Figure 1. Trawl sampling carried out in the Central Mediterranean Sea along the survey periods: the black line represents the 200-m isobath; the area stratification for comparative purposes are Strait of Sicily (SoS) in red, North of Sicily and Calabria (NS) in magenta, south Tyrrhenian Sea (ST) in green, and north Tyrrhenian Sea (NT) in blue.

For the aim of this study, otoliths were selected to equalize sample sizes across regions while maintaining a similar range of collection years along the time series. Different sets of otoliths for calibration and testing, were selected from each geographic region: North of Sicily (NS), North Tyrrhenian (NT), South Tyrrhenian ST, and Strait of Sicily (SoS). Calibration sets were selected to approximate a uniform distribution within regions, with relatively even numbers of samples, which were randomly selected as 20 individuals per length class (1 cm). Test sets of otoliths for each region were randomly chosen from the same sampling years to mirror a typical age structure for each population (Figure 2). The traditional age estimate was obtained as described in Basilone et al. (2023) and according to the international agreed protocol for HOM (ICES, 2018).

Figure 2

Figure 2. Age distributions of HOM samples selected for Calibration and Test sets, (A) overall (All regions combined) and (B) for each area: North of Sicily and Calabria (NS), North Tyrrhenian (NT), Strait of Sicily (SoS), South Tyrrhenian (ST).

Spectral data acquisition

FT-NIRS spectral absorbance data were acquired using a Bruker TANGO-R Near-Infrared Spectrometer with a 22-mm diameter sample window and OPUS software (version 8.5; Bruker Optics GmbH & Co. KG, Ettlingen, Germany). Dry and cleaned otoliths were first scanned by placing them directly on the center of the sample window, convex side down, and conventionally positioned so that the rostral axis of the otolith was horizontal according to reference points placed around the sample window (Figure 3). A 19-mm gold-coated transflectance cup was placed over the top of each positioned otolith to standardize the path length of NIR incident light. Due to the thickness of some otoliths, it was necessary to add a cover support (metal ring) to provide enough space also for bigger otoliths under the cup (Figure 3). A total of 64 spectral scans were acquired for each otolith at a frequency of 16 cm⁻¹ along the entire NIR spectrum (11,500–4,000 cm⁻¹) and resolution better than 4 cm⁻¹. According to the reading protocol (ICES, 2018), the age data are from the right otoliths, so the same ones were scanned. A principal component analysis (PCA) was used for data visualization and outliers detection of spectrograms for all samples according to the literature (see Table 1). Those that could not be rectified by rescanning were removed from the analysis (n=6).

Figure 3

Figure 3. View of an otolith placed on the integrating sphere at a 90°compass orientation with a concave-up position. The gold-coated reflector stamp covers the sample during scanning to reduce stray light infiltration. Furthermore, reference marks were placed on the top of the metal collar for standardization of measurements by placing the otolith to the center of the sample windows.

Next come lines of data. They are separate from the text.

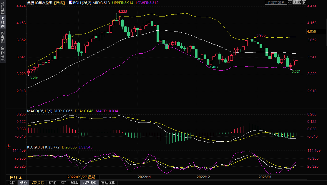 10年期国债收益率上周五尾盘报3.484%,周四跌至3.321%,为9月13日以来最低,略高于其200日移动均线。该收益率已从去年底的3.905%,以及10月21日触及的15年高点4.338%回落。
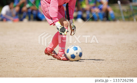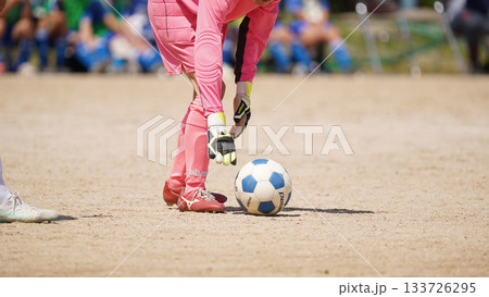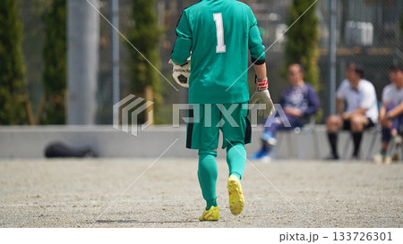 青年足球賽(守門員被擊敗後跪倒在地)
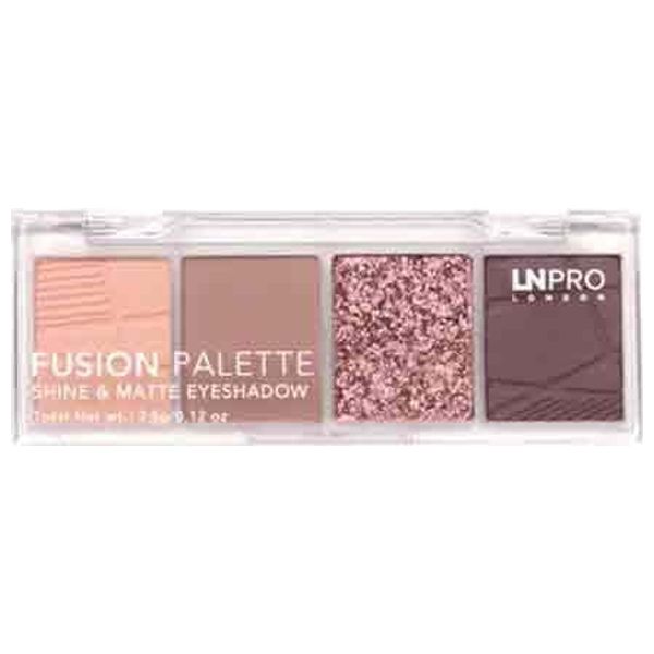 LN Pro Mauve Fusion Palette features four earthy-toned shades with both matte and shimmering finishes. The creamy texture allows smooth application and easy blending, delivering long-lasting color for neutral eye looks.
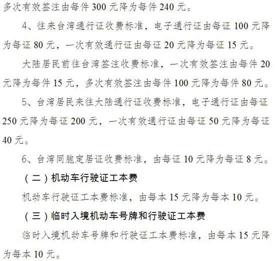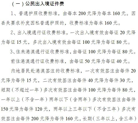 其中,多項出入境證件費下調。如,普通護照標準由每本200元降至160元,一次出入境有效由每證20元降為15元,港澳通行證由每證100元降至80元。
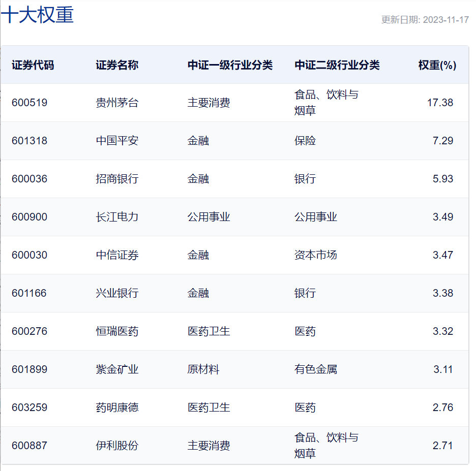 匯聚優(yōu)質(zhì)大盤(pán)藍(lán)籌股是上證50指數(shù)的一大亮點(diǎn),成份股中行業(yè)龍頭企業(yè)繁多。其中,成份股中權(quán)重較高的有消費(fèi)行業(yè)龍頭企業(yè)貴州茅臺(tái)、伊利股份等,金融行業(yè)中的中國(guó)平安、招商銀行等,公共事業(yè)行業(yè)的長(zhǎng)江電力、原材料行業(yè)的紫金礦業(yè)、醫(yī)藥衛(wèi)生行業(yè)的恒瑞醫(yī)藥等。
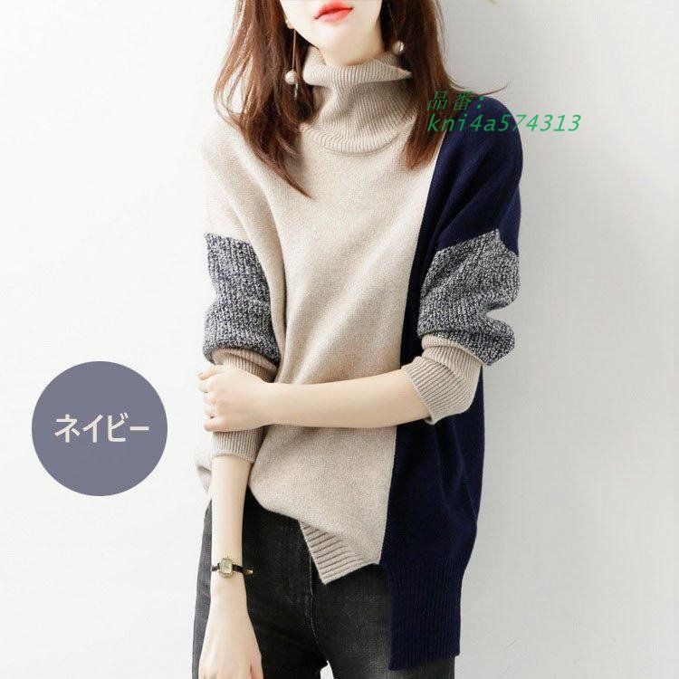 ニットセーター レディース 秋冬 40代 長袖トップス ハイネックセーター プルオーバー 大人可愛い 配色ニットトップス 風 オシャレ30代 ゆったりセーター kni4a574313 WWW_NICORILABO_COM
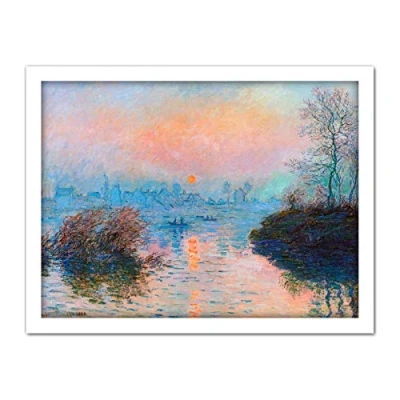 Wee Blue Coo Monet Sunset Seine Lavacourt Winter Artwork Framed Wall Art Print 18X24 Inch
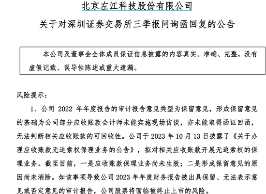 消息面上,最贵ST股、证监会立案股、冲刺保壳股,同时具有上述多重身份的*ST左江,在12月12日深夜回复了深交所三季报问询函。公司从财报“非标”风险、财务指标不达标风险等多个角度,提示公司股票或将存在终止上市交易的风险。同时,*ST左江明确表示,雪球APP中流传的有关公司三季报业绩交流会内容不准确。
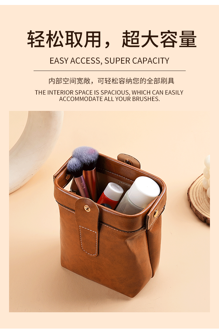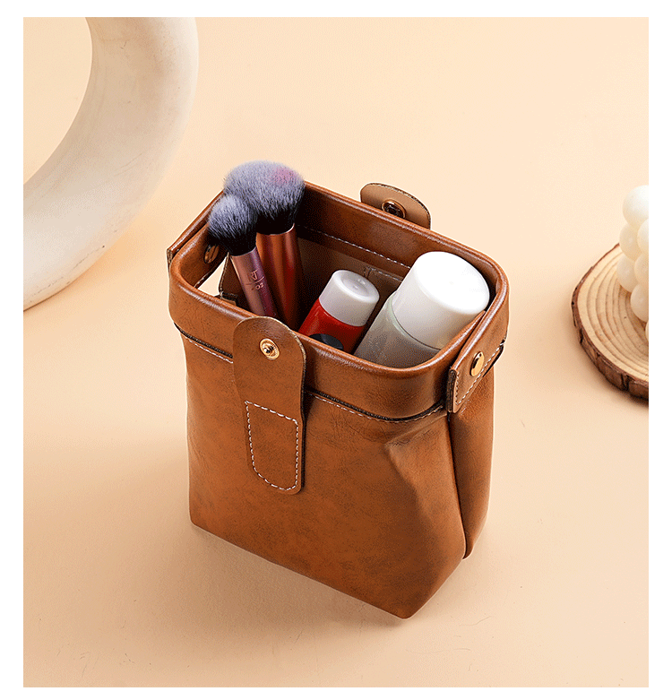 Bolsas de maquillaje hechas a mano originales de cuero suave, nicho de alto nivel, bolsas de mano para jugar bolsas de almacenamiento retro, bolsas de viaje para mujeres.
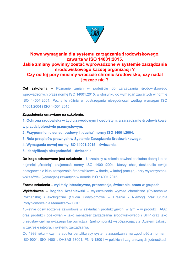 ISO 14001:2015 Zmiany w normie

Multivariate analysis and model selection

In order to set up a predictive model using the FT-NIRS spectral data, a multivariate calibration method, such as the partial least squares (PLS) regression was applied. PLS compares the information in the spectral data (the X data matrix) to reference values for the component of interest (the Y data matrix), and any changes in both matrixes are associated with one another. In the PLS regression, the dataset are first decomposed into their principal components and then fitted the scores vectors from spectral and age data (Conzen, 2014). The set of otoliths of known age have been provided as training set for the calibration model. Then, to correlate spectral signatures with age, the set of spectral data were evaluated using PLS regression, which produce a linear correlation model to predict the age of a fish. In order to increase robustness in its prediction ability, the calibration model should include as much variability as possible with reference to the variable investigated (the age of fishes and the geographical and interannual variability in this case).

The selection of an appropriate frequency range is of crucial importance for the quality of a PLS model. When setting up a model, one should use the frequency range of the spectrum where a good correlation between the changes in the spectral and the concentration data can be found. The extent of correlation can be judged easily by the coefficient of determination R² (Conzen, 2014).

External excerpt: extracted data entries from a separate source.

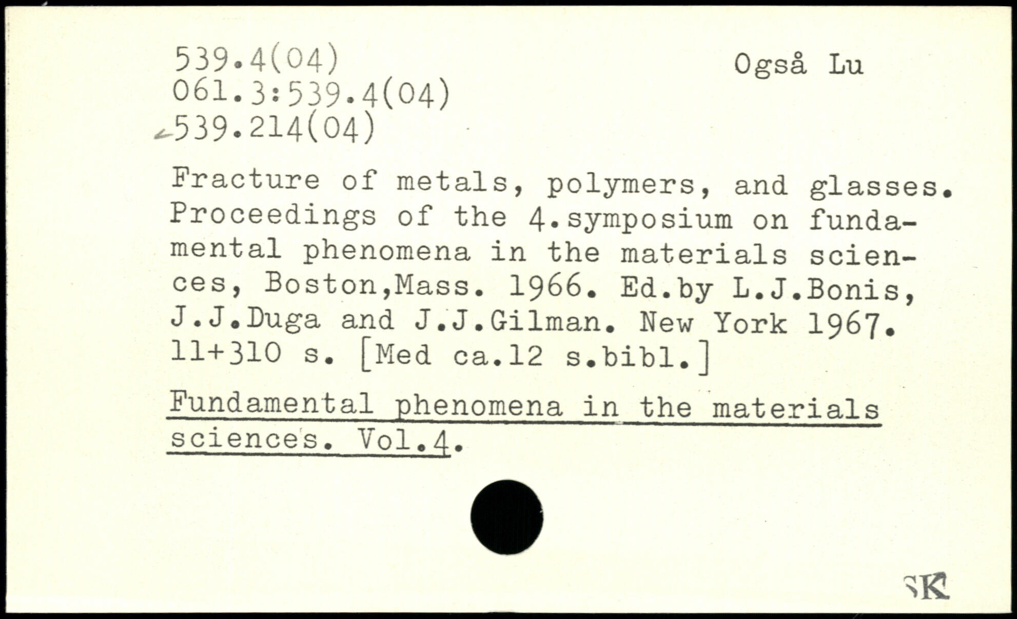 Fracture of metals, polymers, and glasses. Proceedings of the 4.symposium on fundamental phenomena in the materials sciences, Boston,Mass. 1966. Ed.by L.J.Bonis, J.J.Duga and J.J.Gilman.
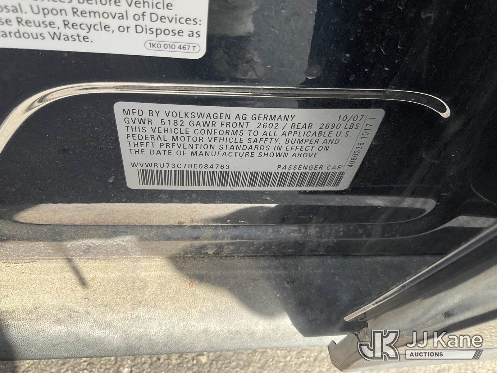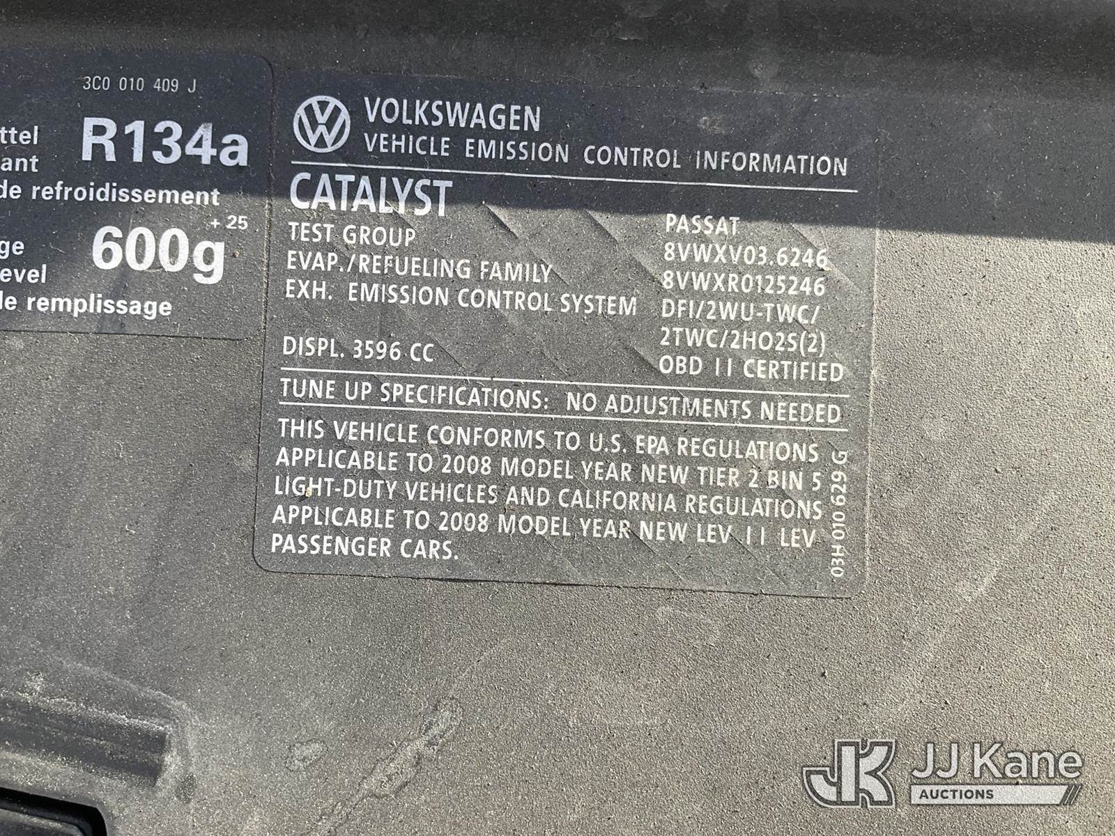 2008 Volkswagen Passat Wagon 4-Door Station Wagon, s/n WVWRU73C78E084763, 3.6L V6 DOHC 24V Gas, AWD, 6-Speed Automatic, A/C, (10,476 miles) (Runs & Moves) This is a Titled Item NOTE: This unit is being sold AS IS/WHERE IS via Timed Auction and is located in Jurupa Valley, CA. Inspection & preview days for this unit are the 2 business days prior to the first day of items closing for this auction, item is located at 4510 Muth Way Jurupa Valley, CA 92509 and hours of operations are 8a-4p. For pre-sale questions, please contact please contact Office Staff @ (310) 353-7140. Dealer License Number 45696. (Buyer is responsible for removal. Assistance by consignor or JJ Kane Auctions is not assured.)
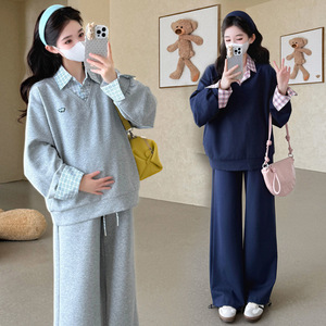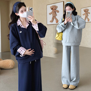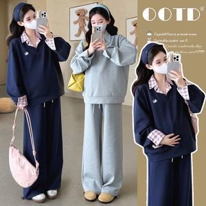 2025秋冬新款假两件卫衣格子拼接polo领小众设计百搭休闲孕妇套装
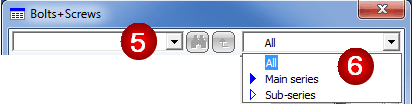 Use the Filter option (6) to restrict the display of standard parts offered for selection. Use the selection box to determine whether you want HiCAD to display only main series, only sub-series, or all parts. The specified setting applies to the current catalogue and will be the new default setting for the catalogue (even after re-starting HiCAD).
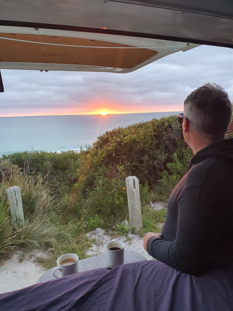 We found a great free camp site in the Bay of Fires Conservation Area, just a few metres from the white sandy beaches which we spent the afternoon exploring, along with another cold swim and in the morning we popped up to the day use area to watch the sunrise.
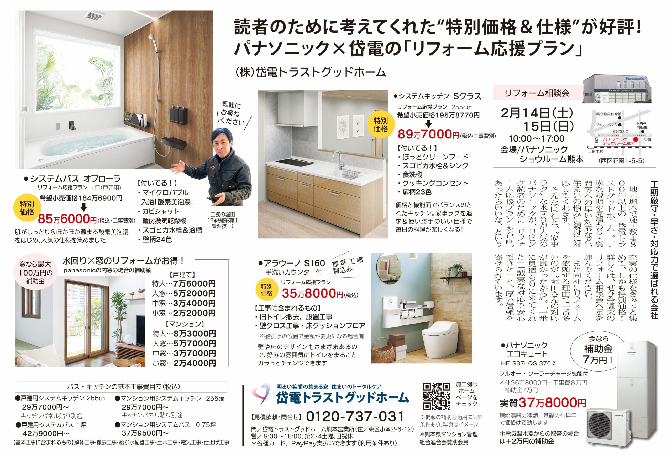 商品や工事内容、工事期間等についてお聞きになられたい方は、2月14日(土)・15日(日)、上熊本にありますパナソニックショウルーム熊本へ是非ご来場ください!

PLS regression is a so-called full spectrum method, i.e., the more spectral data points are present, the more spectral information is available per component, and the better the respective model will be. However, it has to be taken into account that contributions from spectral noise or absorption bands of interfering components can deteriorate the quality of the model. The PLS algorithm can distinguish between analytically relevant and analytically useless structures in the spectrum. Disturbances are detected during calibration and eliminated in further analysis.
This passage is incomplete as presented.